(Remark about the catergory) Uh well, the idea is that the Cuda part of the graphics card is like a sittle supercomputer with like 100s of Gigaflops and fine grained threads, which could run list commands. Also I don't mean a cuda compiler or language port, such as there is a python interface to the cuda processing, but more along the lines of a tcl working as a big scale parallel compiled language, such that is runs really fast, and can do things like inter-thread scheduling very quick.

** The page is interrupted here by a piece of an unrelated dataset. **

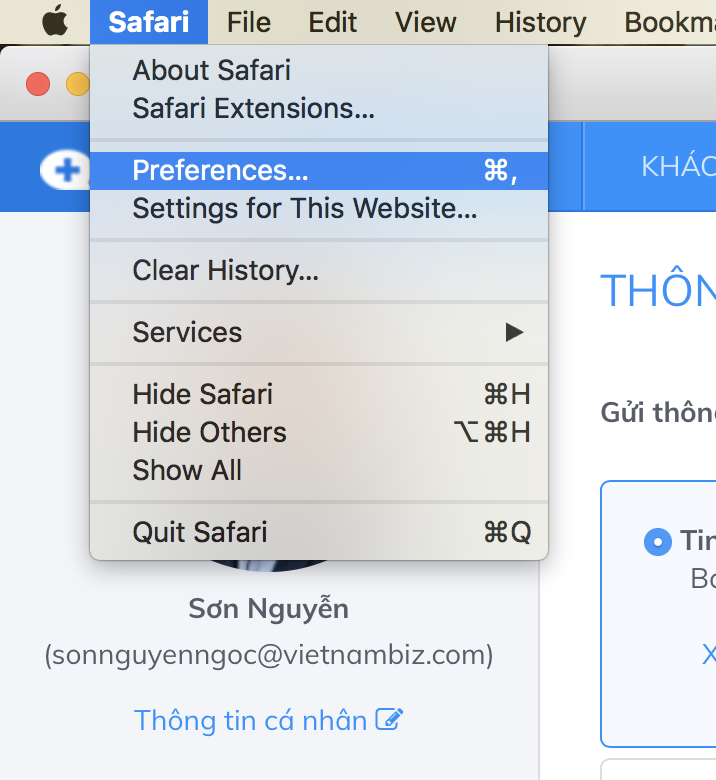 {% tab title="Safari" %} Bước 1: Vào Safari > Preferences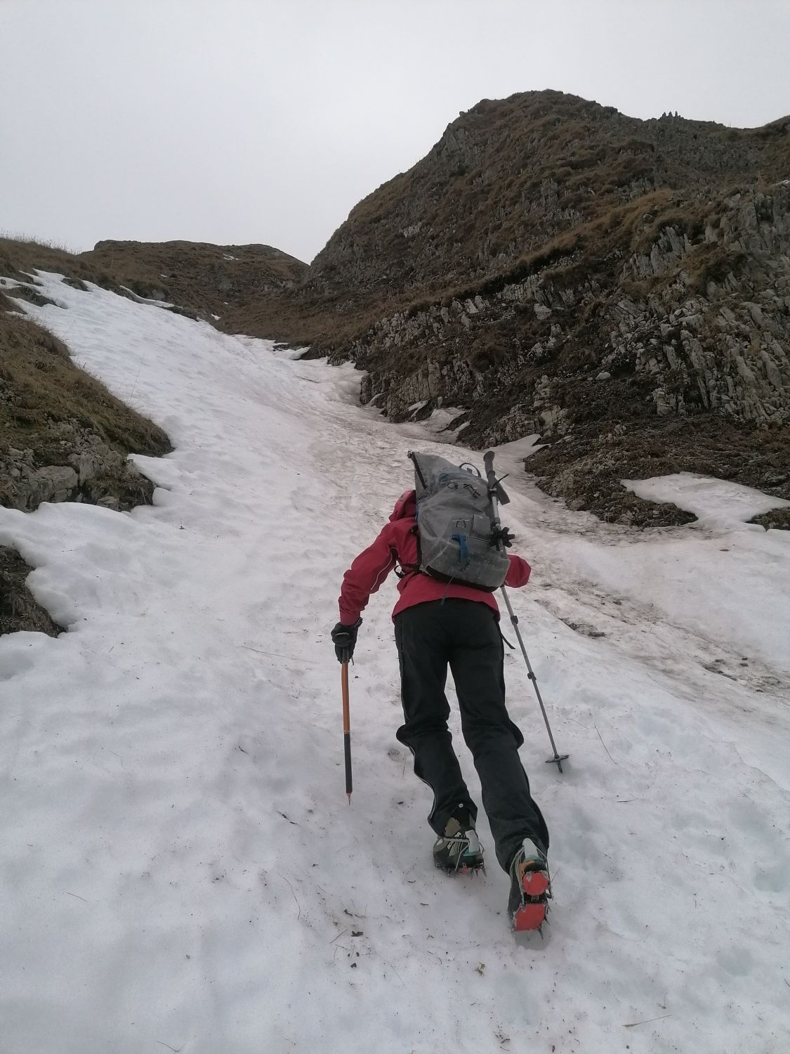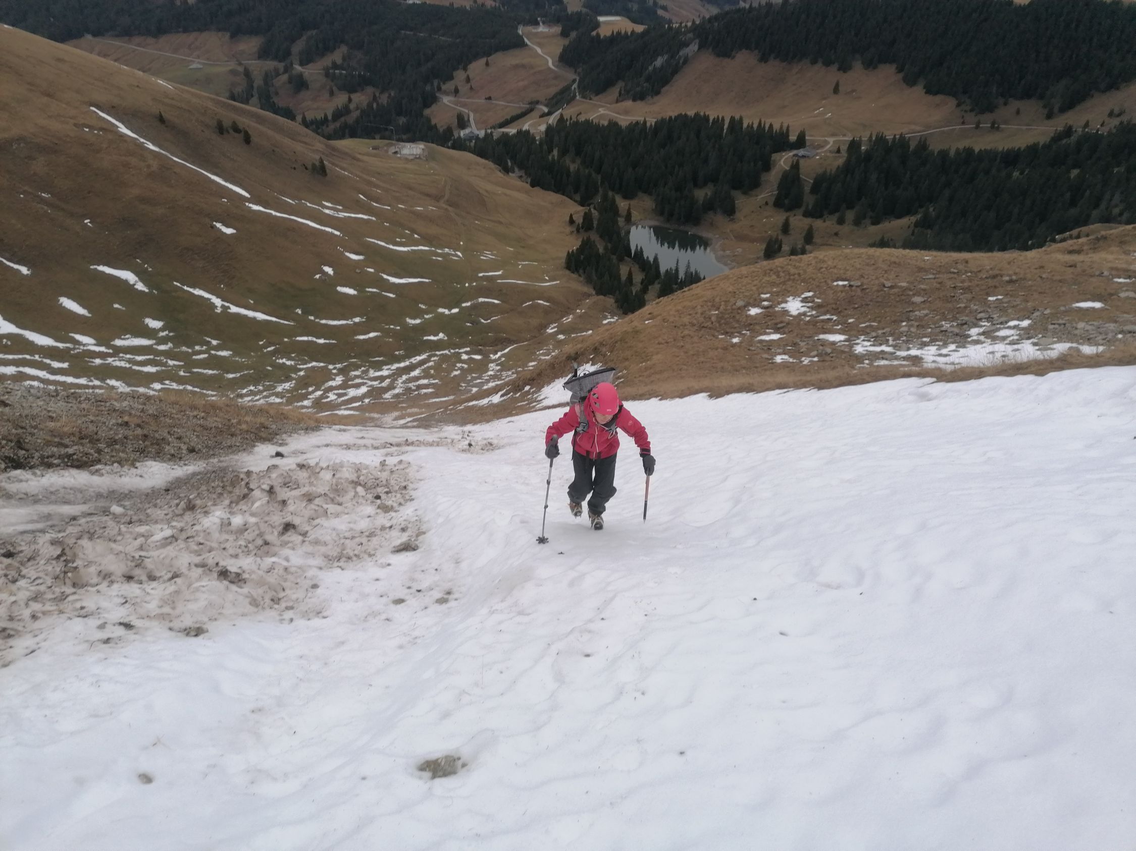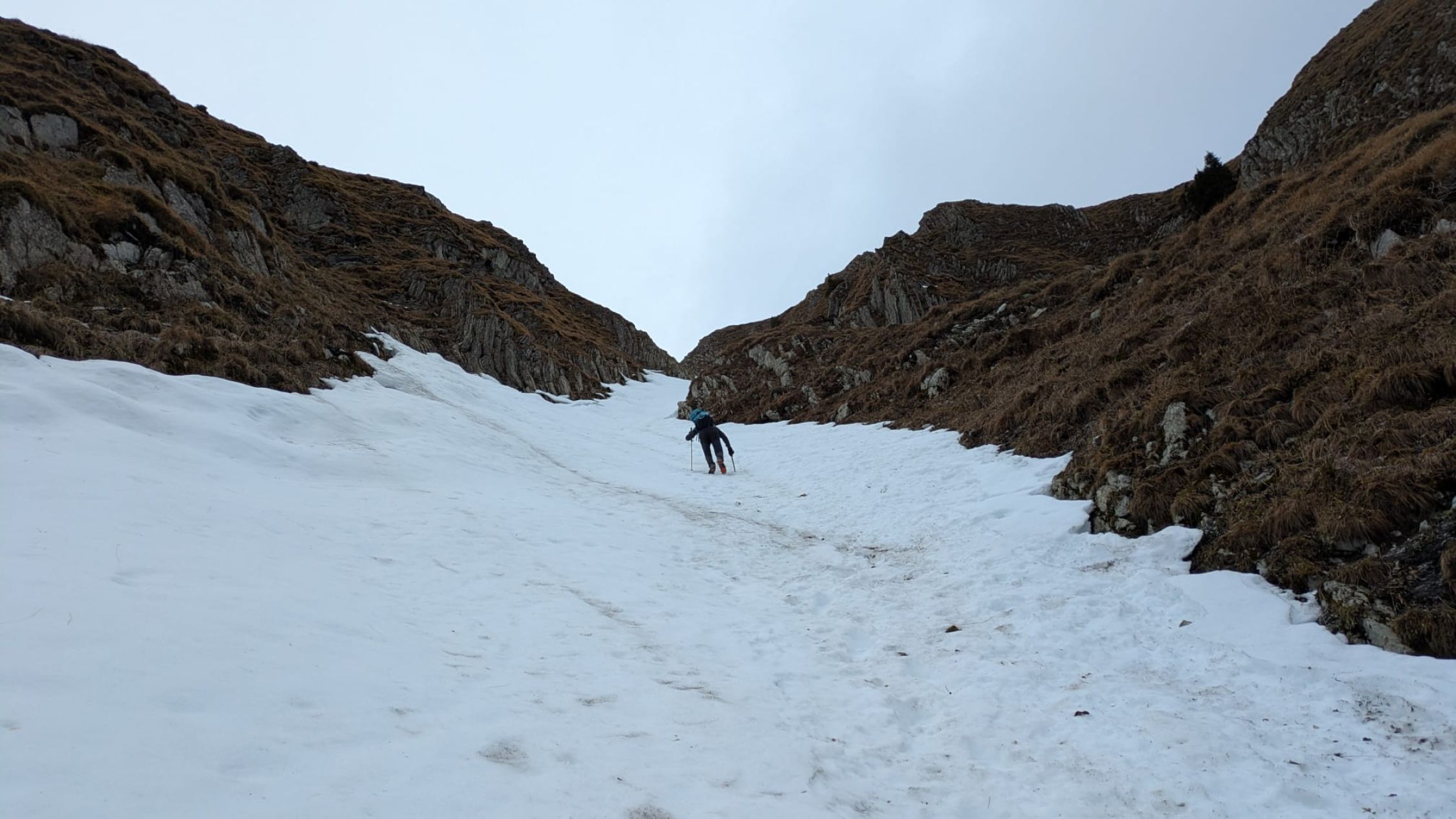 Der Aufstieg erfolgte von der Unteren Gantrischhütte rechts in die Nordwand hinein. Nach dem ersten Drittel biegt man nach rechts, ins sogennannte Bunker-Couloir. 300m lang, und 35 bis 45 Grad steil.

TV Jan 3 '09 Since no one else seems to be working on thus particular desktop supercomputing, I took a few hours to do a little testing myself.
First I compiled Tcl 8.6.b1 from source (It seemed 8.5 didn't download. Since there are some backward canvas saving issues since some version in BWise that could be not ok), and then I added a Cuda example (From the NVidia Cuda SDK) to the source code of tclAppInit.c in the Unix directory (I run this on Fedora 10/64, the processor is Pentium D, the graphics card a FX9500GT), in principle by adding the source of the recursiveGaussian.cu example to the file and calling the result tclAppInitnv.cu [L1 ] . Then I added a tcl function (I'm sure breaking some style rules possibly) 'hello' which calls the Cuda test (-bench) which doesn't run the graphics, but tests an actual CUDA function call with data transporting to the graphics card (using CudaMemCopy).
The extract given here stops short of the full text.